A death mask was essential to the ordination of the reincarnation ceremony. My duty was to capture the essence of the Mother within a funerary face, further replicated for her burial sarcophagi. Failure to get the death mask approved was dishonorable. If not executed, I would be stripped of my rank.

“We will see to it that you’re provided everything you need to begin, and offered ample time to work, undisturbed. Walk in the Red, sister.”

“Enter the Black.” I saluted.


Upon the conclusion, I dismissed my designated servants immediately. I had already brought everything I needed, and fully intended to have undisturbed alone time with the Mother.

I was debriefed on a great many things concerning the Mother’s personal desires and the rather fickle transgressions to be avoided.

Do not look her in the eye.

Assume any identity she mistakes you for.

Gauti-So has lost sight in her left eye, so do avoid standing on that side.

Keep flowers beside her bed at all times.

Never ask her true name.


As the artisan of her death mask, I was also to be her caretaker.

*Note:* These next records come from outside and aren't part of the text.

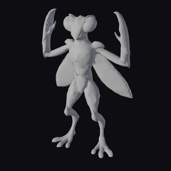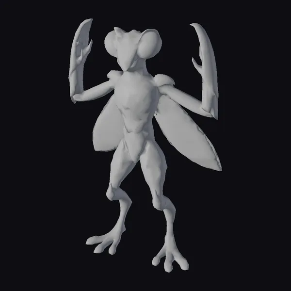 Detailed with precision, this green insectoid warrior model showcases a blend of organic and armored features. Its pose, with claws raised and wings spread, captures a moment of readiness or challenge. The texture and shading emphasize a metallic sheen on parts of its body, contrasting with softer, more natural areas. This model is perfect for projects requiring a unique, fantastical creature, such as animations, games, or virtual reality experiences. Its detailed anatomy and expressive stance offer a versatile base for various creative applications.
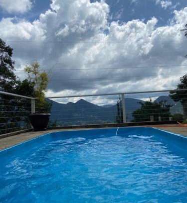 Casa aconchegante com linda vista a 5 min do centro offers accommodations in Nova Friburgo, 3 miles from Nova Friburgo Cable Car and 4 miles from Catarina's Stone. 3.5 miles from Eduardo Guinle Stadium – Friburguense A.C. And 2.5 miles from Sesi, the property features a garden and barbecue facilities. The vacation home offers a pool with a view with a fence and free Wifi. Offering a balcony and mountain views, the vacation home includes 2 bedrooms, a living room, satellite flat-screen TV, an equipped kitchen, and 2 bathrooms with a shower. Towels and bed linen are offered in the vacation home. The property has an outdoor dining area. Guests can also relax in the shared lounge area. Poço Feio Well is 20 miles from the vacation home.
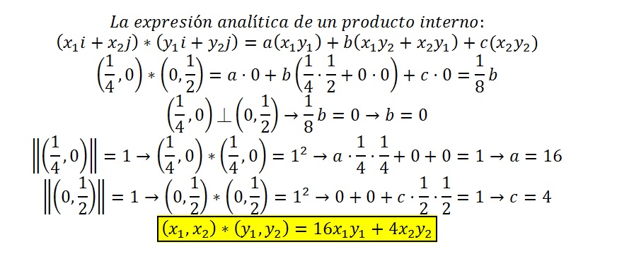 hola buenas tardes, tengo una duda sobre un ejercicio que tengo que resolver donde me piden que calcule un producto interno para el cual los vectores (1/4, 0) y (0, 1/2) sean una base ortonormal.. me podrian ayudar? mas que nada con una explicacion de como hacerlo porque tengo mas ejercicios similares y es fundamental que logre comprender lo que hago y no mecanizarme , desde ya se agradece la ayuda!

The first challenge to overcome was the great many stairs to ascend to the peak of the pyramid, steep enough to force my knees to quiver and the hem of my collar to dampen with sweat when I reached the top. The eggshell-black crust of meteorite walls basked in the warm paper lantern light when I entered, commemorated with cosmic textiles and brass incense trays.


Seated at the crown of the room was the Mother; Gauti-So. Had her jaws not been steadily working at grinding a handful of kola nuts between crooked red teeth, I would’ve thought she was already dead.

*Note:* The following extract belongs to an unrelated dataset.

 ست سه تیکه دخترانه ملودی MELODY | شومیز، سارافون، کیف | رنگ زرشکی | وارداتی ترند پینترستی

My schooled expression did not betray the revulsion I felt at the sight of her. Pale bulbous eyes set by swollen lids did not react as I approached. Her dark skin was leathery, whiskered moles, scars, sunken pits, and other unsightly aberrations marred an ancient and withered face. Spindly fingers donned long meteorite gauntlet rings, and large obsidian disks stretched her earlobes wide.


Every lithe plane of her likeness appeared to be fighting a losing battle against gravity, her face a pallid and emaciated burden. A mass of chondrite medallions, conshells, and seaglass donned the head of the headdress discarded beside her seat. The emblem of beauty was a jarring dichotomy beside the ancient woman. Though the seed of her soul remained preserved, ancient age had rotted the vessel.

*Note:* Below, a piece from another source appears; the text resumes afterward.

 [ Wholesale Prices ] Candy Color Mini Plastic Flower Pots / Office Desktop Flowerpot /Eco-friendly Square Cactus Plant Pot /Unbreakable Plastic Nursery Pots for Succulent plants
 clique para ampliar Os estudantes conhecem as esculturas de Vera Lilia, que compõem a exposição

Nonetheless, only the mundane eye would see a decomposing woman and nothing more. The rest, naked to the eye, was akin to an effervescent shroud, and a caress against the tip of one’s tongue. The taste of death. I could feel her Black-touched essence like nails digging into my flesh, great tremors rushing up my tattooed fingertips.


The taste of the Black coated my tongue, but I refused to gag. I savored it. When a cold trickle trailed down my finger, I realized I had sunk my fingernails too deep into my palms. I watched red pearls greet the ebony floor. Red rain.


Gauti-So shattered a kola nut between her teeth.

I lifted my hand and swiped my tongue across the cut on my palm. First I moved to the corners of the room and replaced the incense sticks, hoping it might help with the permeating air of death. Then I shook the dust from the textiles. Once satisfied, I kneeled at her right side and touched my head to the floor.


“Great Mother, I am honored to receive your request, and am here to begin the construction of your new face. Please know that I am eternally grateful to serve you in your final hours.”

Several minutes passed before I looked up. Gauti-So continued crunching her nuts, her pale eyes drifting aimlessly across the floors, as if she hadn’t quite realized I was there. There was a smell emanating from her. Unpleasant. At this distance I noticed one of her teeth was filed sharp. I glanced at the small tray of kola on her lap. I would have to refill it soon.


So long as Gauti-So remained alive, I had a job to fulfill; and so I dipped my head then got to work. I would have to make a mold without touching her with my hands, which was strictly forbidden. Letting the instinct of routine guide me, I first set up my rows of charcoal and ink before unfurling the papyrus. Typically, I indulged in a session of meditation before sketching a mold, but I was much too eager to begin, and my hands ached with anticipation. After I finished three sketch iterations I prepared her herbal bath, considering when I would ask my assortment of questions.


That night I awoke to hideous wails from her sleeping quarters. The incense had burned out, leaving Gauti-So to suffer the stench of her own decomposition. I rushed into her room and replaced each of the stems as she writhed in her bedding like a flopping fish.


“Alroq!” Gauti-So bared her teeth at the ceiling. “Quickly now — the plumeria!”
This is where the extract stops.